The annual SXSW conference kicks off today in Austin, Texas, bringing together the worlds of technology, music, film, and gaming in a nine-day carnival of breakfast tacos and panel presentations. It’s also a time where corporate brands are able to capitalize on the crowds to raise awareness for various properties. As I discovered this morning, Star Wars fans aren’t getting left out in the cold.
Disney has opened up what’s essentially a Rogue One-themed escape room here in downtown Austin, running through Sunday, March 12th. (The timing isn’t coincidental; Rogue One director Gareth Edwards is speaking next week at the conference, and the film’s home-video release is just around the corner.) As described in the official SXSW guide, Rogue One: Escape From Scarif provides an “all-new adventure” in which participants can “infiltrate the Empire” and steal plans to the Death Star. It sounds exciting! It sounds daring! It sounds like stepping inside a movie! Unfortunately, it’s not… but it’s enough to leave Star Wars fans wondering about the incredible potential of the proper Star Wars theme park Disney is currently building.
At the start, I should clarify by saying this isn’t an “escape room” in the traditional sense. Instead, it’s a pop-up maze built inside a location near the Austin Convention Center. A series of different terminal “stations” require teams of four players to solve a clue before they can move on to the next one, making it more of a puzzle scavenger hunt than an escape room. The experience is framed as a training mission that will help recruits learn how to infiltrate the real Imperial headquarters to steal the Death Star plans. The program is about 10 minutes long — far below the expected hour-long traditional escape room run, but all the better to increase throughput for SXSW attendees.
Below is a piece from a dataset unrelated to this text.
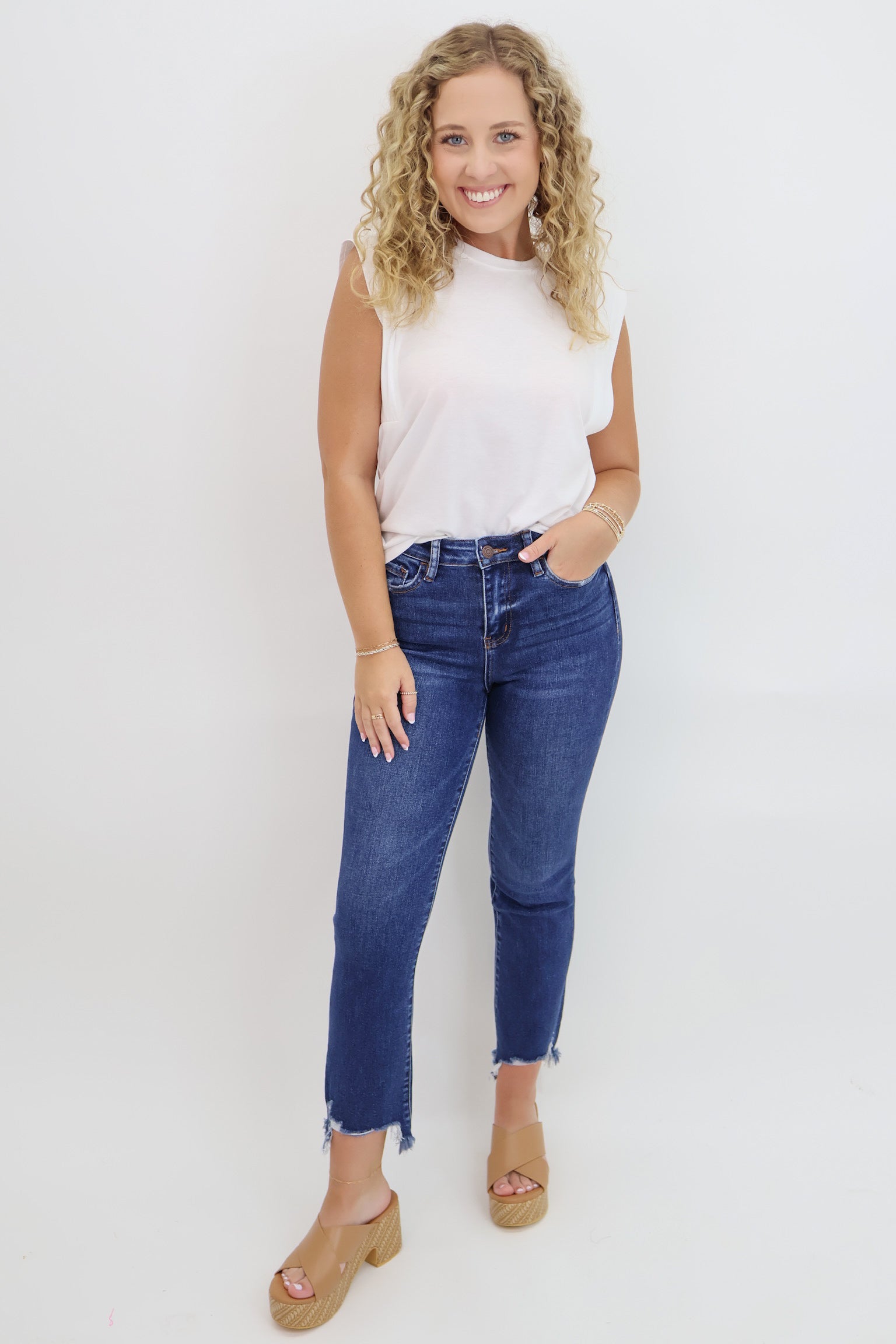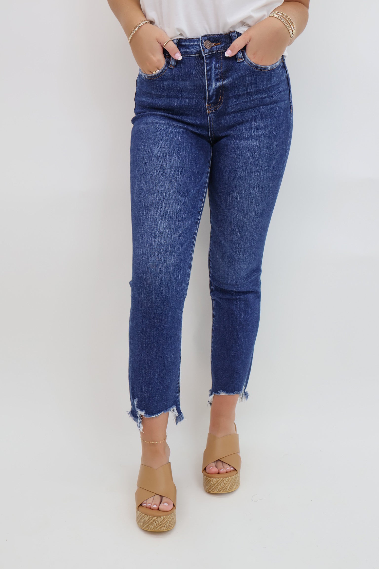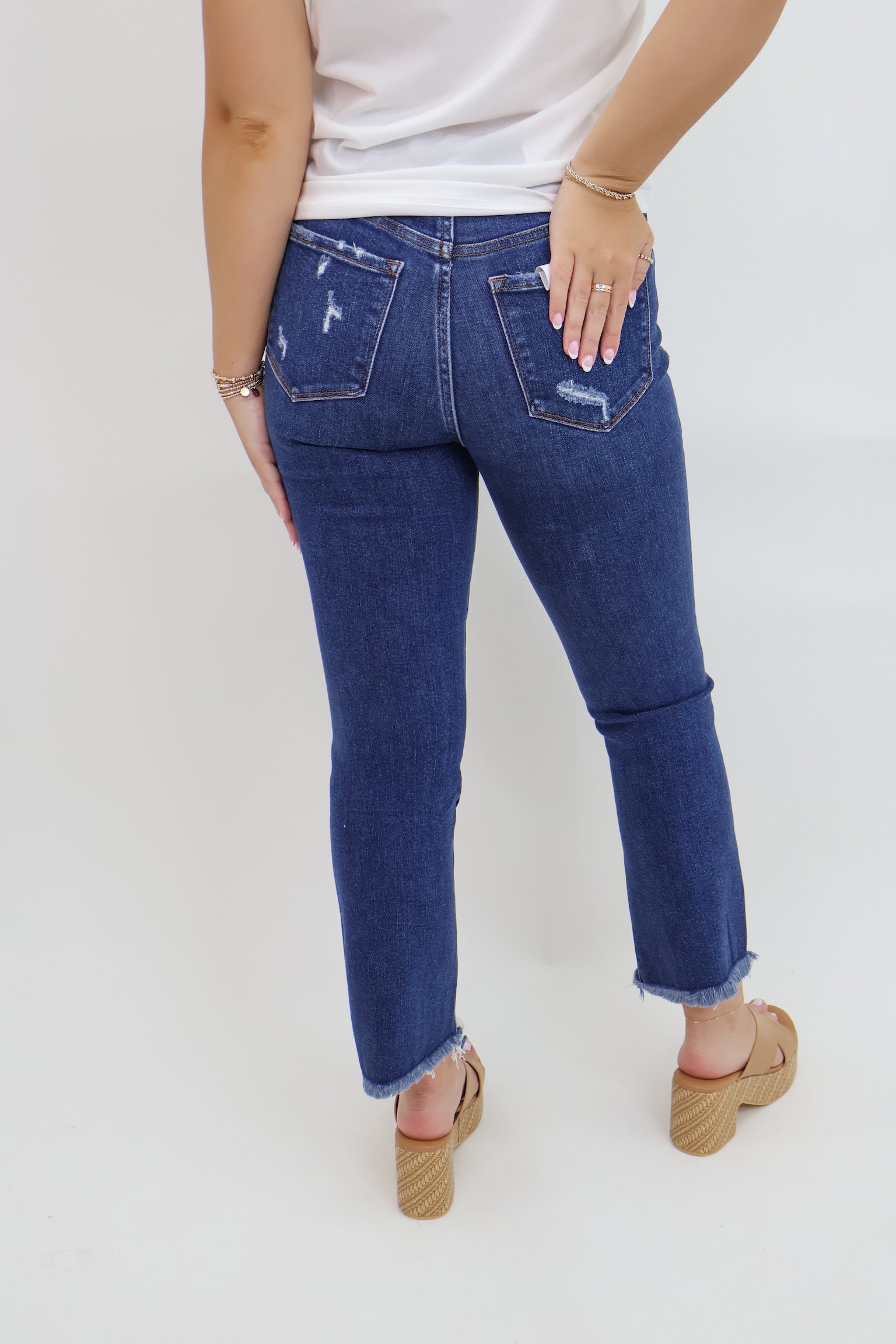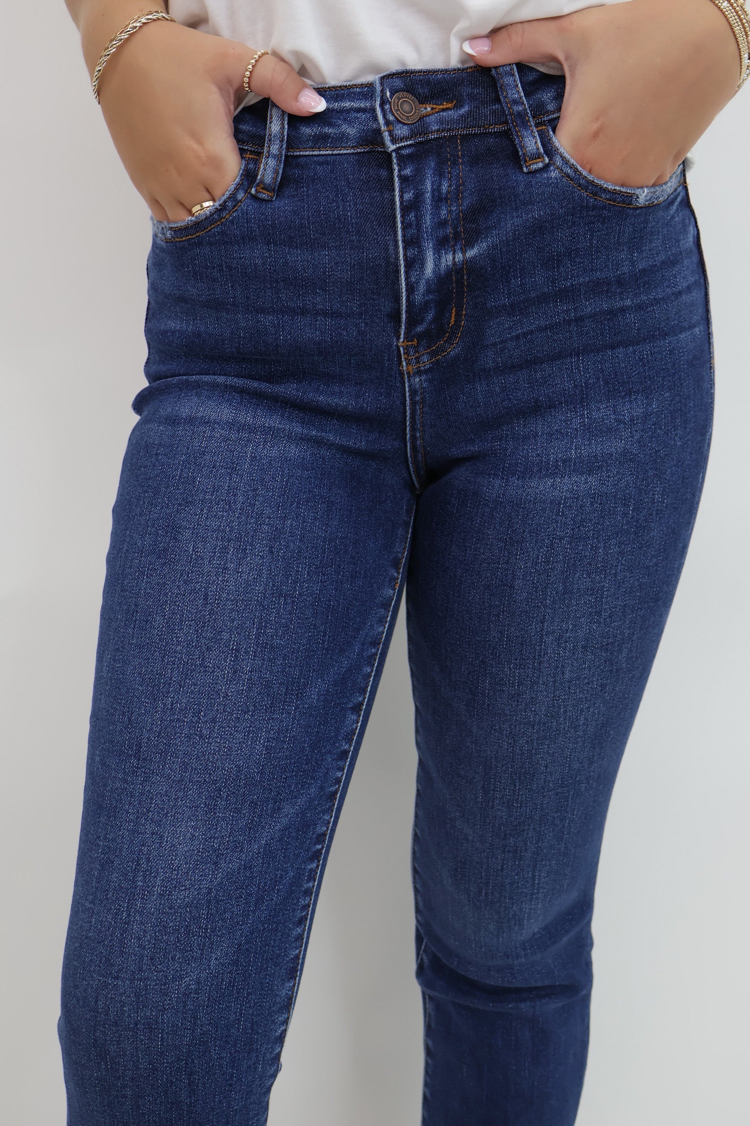 BEST SELLING DENIM! Elevate your denim game with the Vervet Bella high rise dark wash jeans. Made with comfort stretch denim and featuring a high rise waist, distressed hem, cropped length, and kick flare style, these jeans provide both style and comfort. Take on Fall confidently in these must-have jeans- they pair perfectly with booties!

More of a scavenger hunt than an escape room
I’m now going to be utterly obnoxious and critique an experience that is being provided totally free as a promotional tie-in for a blockbuster movie franchise. When tackling an immersive experience, the goal should be actual immersion. Escape From Scarif falls a little short. The Rebel leader who instructed my group wasn’t a hardened figure in full regalia, but rather an young employee wearing a black Rogue One T-shirt. The set featured some Star Wars-ian designs, but it still felt like it was cobbled together with black curtains and aluminum framework. (I’ll cut the Rebels some slack on that one. They’re short on resources. Perhaps they didn’t want to dedicate their best available materials to a mock-up.)
The puzzle stations themselves were a different situation, however. The challenges ran the gambit: asking players to manipulate physical objects, decode images, and unearth keycodes through a combination of codebreaking and careful examination of the various display “screens.” The stations opened up with secret panels and trap doors in a way that felt satisfying and relatively high-end for a pop-up activation, and my group successfully stole the plans. (They were Rogue One stickers.) An engaging new adventure that will live on in my memory as a proud addition to the Star Wars legacy? No. A fun way for Star Wars nerds to spend 15 minutes while hanging out at SXSW? Absolutely.
But while Escape From Scarif is just a one-off brand activation in an overwhelming wave of them here in Austin, it nevertheless was fun to pretend — even if just for a moment, surrounded by black drapes — that I was inside the Star Wars universe. Interacting with the physicality of a world we primarily know from film, television, and books provides a particular type of immediacy and thrill, one that’s not easily replicated in other kinds of entertainment. It’s a notion that made my biggest takeaway from Escape From Scarif not the escape experience itself, but the potential in the large-scale version of that same idea: the massive Disney theme park expansion known as Star Wars Land.
Squint and you can see a future that’s truly exciting
Announced two years ago, the company’s dual Star Wars expansions — one in Anaheim, California, the other in Florida — have been billed as top-to-bottom immersive experiences. Attendees will step inside the parks, where there will be rides, plus the usual merchandise for sale. But participants will also be dropped into the Star Wars universe. Everybody from the aliens walking the street to the cantina barkeep will be a character within the world, rather than the standard, smiling Disney employee. It’s taking the idea of Harry Potter’s Wizarding World, where guests are enveloped by the sights, shops, and beverages of the Harry Potter universe, and putting the weight of Disney, Lucasfilm, and the theme park wizardry of Walt Disney Imagineering behind it.
When it comes to experiential entertainment, that has the potential to be truly groundbreaking. (Audiences will get a glimpse of what Disney can do in this space when Avatar World opens later this year, assuming it isn’t delayed like the Avatar sequels). Star Wars: Escape From Scarif doesn’t go anywhere remotely near that; at the end of the day, it’s just a quick time-killer meant to hype a DVD release. But if you squint, you can imagine the potential of what may be coming when Star Wars Land opens in 2019 — and that is a brand activation worth getting excited about.